- **Given records**:
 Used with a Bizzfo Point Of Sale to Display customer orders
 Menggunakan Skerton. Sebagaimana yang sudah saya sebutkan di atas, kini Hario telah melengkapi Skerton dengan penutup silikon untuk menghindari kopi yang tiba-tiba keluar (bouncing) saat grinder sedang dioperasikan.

--

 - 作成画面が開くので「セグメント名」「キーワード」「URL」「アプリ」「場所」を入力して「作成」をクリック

- **Your task**: An exact copy of the lines above, from the one containing "Used with a" through the one containing "Menggunakan Skerton. Sebagaimana", is the whole of the answer.

- **Written solution**:
 Used with a Bizzfo Point Of Sale to Display customer orders
 Menggunakan Skerton. Sebagaimana yang sudah saya sebutkan di atas, kini Hario telah melengkapi Skerton dengan penutup silikon untuk menghindari kopi yang tiba-tiba keluar (bouncing) saat grinder sedang dioperasikan.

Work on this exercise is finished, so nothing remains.